Die Frau ächzte. Die Nacht hatte keine Abkühlung gebracht, schon in den frühen Morgenstunden war das Wetter drückend heiß. Über den Tag würde sich die Schwüle noch verstärken. Während sie stöhnte, hatte sich bereits die kleine Maschinerie im Kopf des Mannes in Gang gesetzt, mit der er sein Geld verdiente. Der schattige Balkon gewährte morgens als einziger Platz noch etwas frische Luft. Klaus Fullenhäuser versuchte seine Gattin davon zu überzeugen, die wenigen erträglichen Stunden zu nutzen. Er insistierte nicht, das machte sie erfahrungsgemäß misstrauisch. Trotzdem versuchte er mit dem Vorschlag, sich ihrer für ein paar Stunden zu entledigen, damit er ungestört arbeiten konnte.
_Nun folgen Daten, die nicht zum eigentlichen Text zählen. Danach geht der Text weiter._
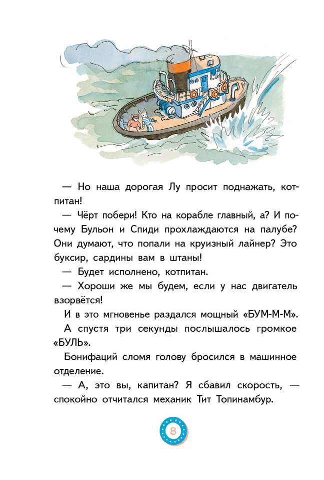 Классная серия книг про крошку кошку Лу, которая путешествует на буксире "Упрямый" вместе со своим дядей Бонифацием Всехнаверх и лучшей подругой Анастасией (она скелет, не удивляйтесь). У команды буксира имена еще забавнее - радист МегаГерц, кок Бульон Дюжур, матрос Спиди Рейсер, ну вы поняли. Вообще самое классное в книге это язык. Все уже сто раз написали про ругательства Капитана Бонифация, и я напишу в стопервый. Они чудесные! "Общипанная утка мне в бок!", "Трусы кашалота вам на голову", "Ах ты сом без усов", "Да чтоб тобой позавтракала пиранья", - ну это же огонь?!?! Читаешь и смеешься без остановки. Сюжет книг довольно прост - это приключенческая проза. Кто-то что-то украл или потерял и нужно срочно всем помочь. Естественно, наши герои всех победят, и при этом посрамят злодеев, главный из которых противный носорог Гедеон Недобрый, этакий Мистер Зло. И по пути будет много всего смешного, автор не побоится писать про какашки, оставлять гереов в трусах и ругаться дураками и дырявыми носками направо и налево. Перечитывать дочка не просила, хотя слушала с удовольствием и смеялась в голос. Возможно, мы чуть рановато прочли (почти в 6 лет), может быть ей было бы смешнее прочесть это самой через годик.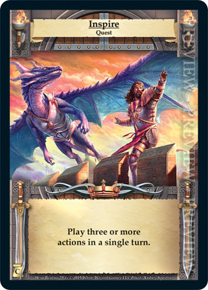 | Journeys: Conquest | 1 | Inspire | Play three or more actions in a single turn. | Quest | Quest Deck | Andrés Agostini | ||||||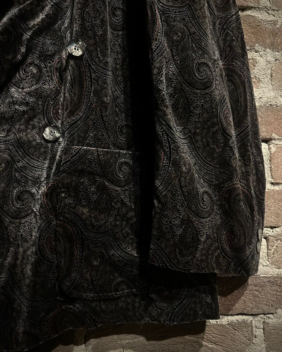 見る角度や光の当たり方によって見え方、輝き方が変わる、極上ベロア素材を用いたテーラードジャケットに非常に美しいペイズリー柄を載せた逸品。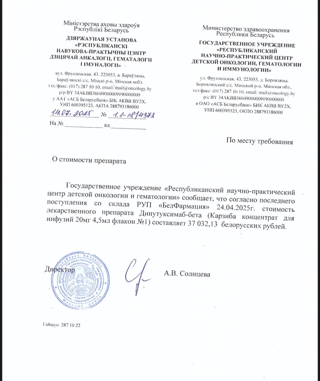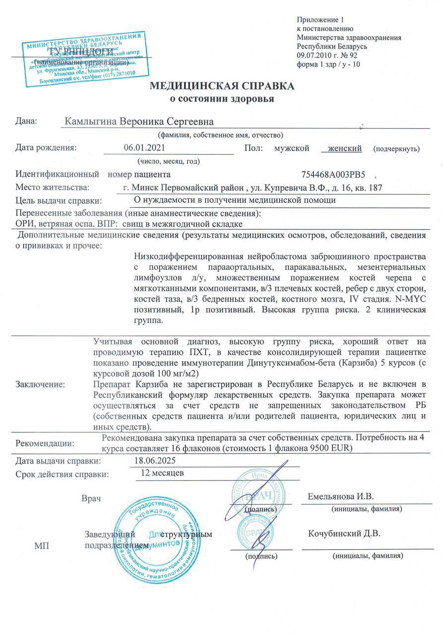 Впереди операция 🔪. Высокодозная химия с пересадкой костного мозга 🧫. И главное — иммунотерапия препаратом Динутуксимаб-Бета. Это лекарство спасает жизни — но в Беларуси его нет ❌. Государство его не закупает. Оно просто отсутствует.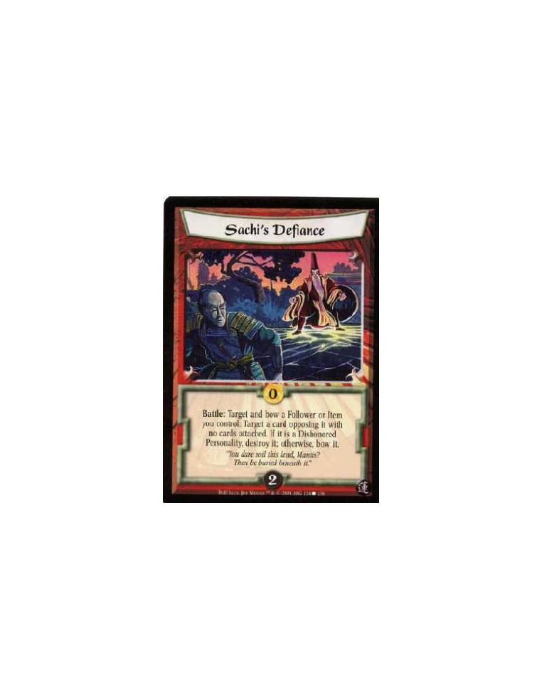 Sachi's Defiance  - Battle: Target and bow a Follower or Item you control: Target a card opposing it with no cards attached. If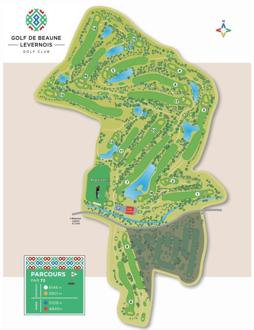 Le parcours de golf de Beaune Levernois s'étend sur 18 trous, comprenant des milliers d'arbres plantés ainsi qu'un nombre approprié de bunkers et 9 lacs. Avec une longueur de 6063 mètres, ce parcours est à la fois considérable et technique, mais reste accessible à tous les niveaux grâce à ses départs avancés.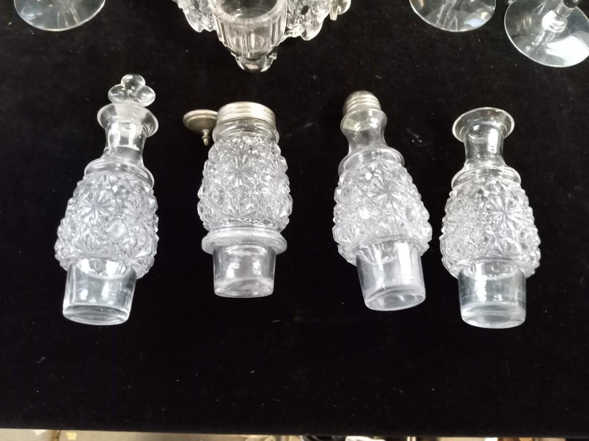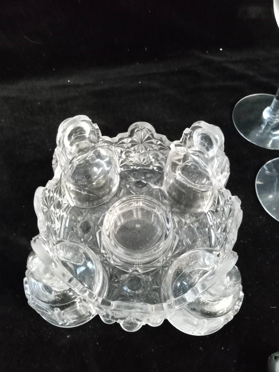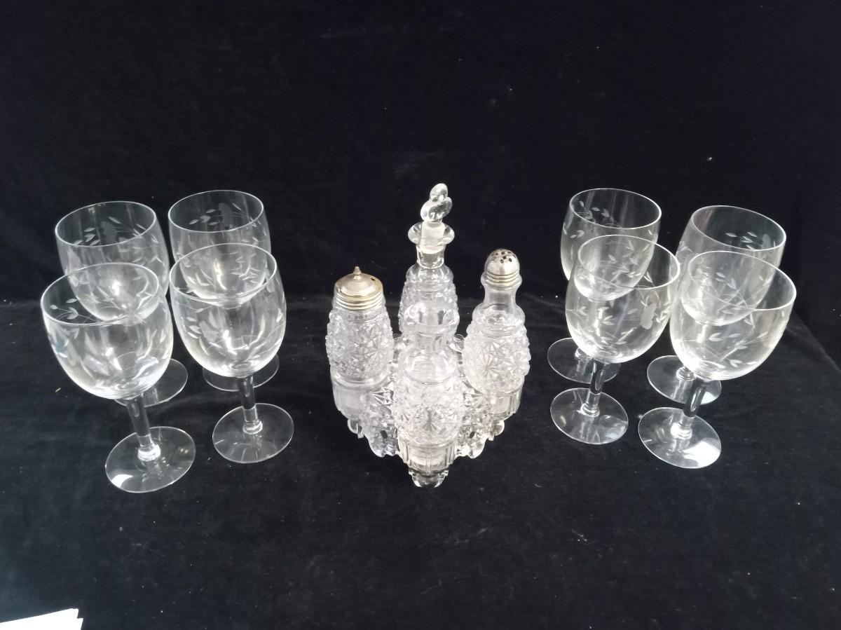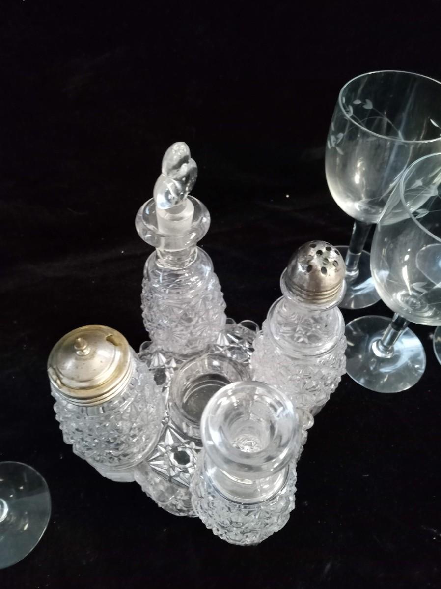 THE CRUET CADDY IS MISSING THE MIDDLE PIECE, WE DID FIND THE GLASS STOPPER FOR THE ONE MISSING IN THIS PICTURE.

Brigitte Fullenhäuser war nicht dumm, besaß jedoch eine gewisse Naivität. Sie konnte seine Arbeit nicht nachvollziehen. Damit stand sie nicht allein; den meisten ging es so, dass sie nicht verstanden, wie er arbeitete. Sie sahen das Ergebnis, bestaunten es gelegentlich, hatten hingegen keine Vorstellung, wie es entstand. Ihnen war das tägliche Ringen um Sätze oder gar einzelne Wörter nicht geläufig. Es fehlte ihnen das Gespür für die Dramatik, die sich hinter der Stirn des Schriftstellers abspielte. Die leichtfüßige Form eines Textes war Resultat eines zähen Kampfes. Lediglich eine Minderheit interessierte sich für diesen Prozess, für den Großteil der alphabetisierten Gesellschaft war er nicht der Rede wert. Der Vorgang war der Gemahlin zu abstrakt. Da Klaus genug las, würde das Schreiben nicht allzu schwierig sein. Sie sah darin nur eine Art Bündelung, die Raffinierung dahinter verkannte sie. Herr Fullenhäuser musste nicht einfach etwas einspeisen, damit sich bald ein Ergebnis zeigte. Es handelte sich nicht um einen mehr oder weniger simplen Filterprozess, bei dem er aus einer Unmenge an Gelesenem etwas Neues erschuf. Ziel war es, einem Gedanken seine ureigenste Gestalt zu verleihen. Der Weg dorthin war nicht immer geradlinig. Texte konnten Widerstände bieten, gegen die Herr Fullenhäuser wiederholt anlaufen musste. Wo sie nicht zu überwinden waren, war es seine Aufgabe gangbare Alternativen aufzudecken.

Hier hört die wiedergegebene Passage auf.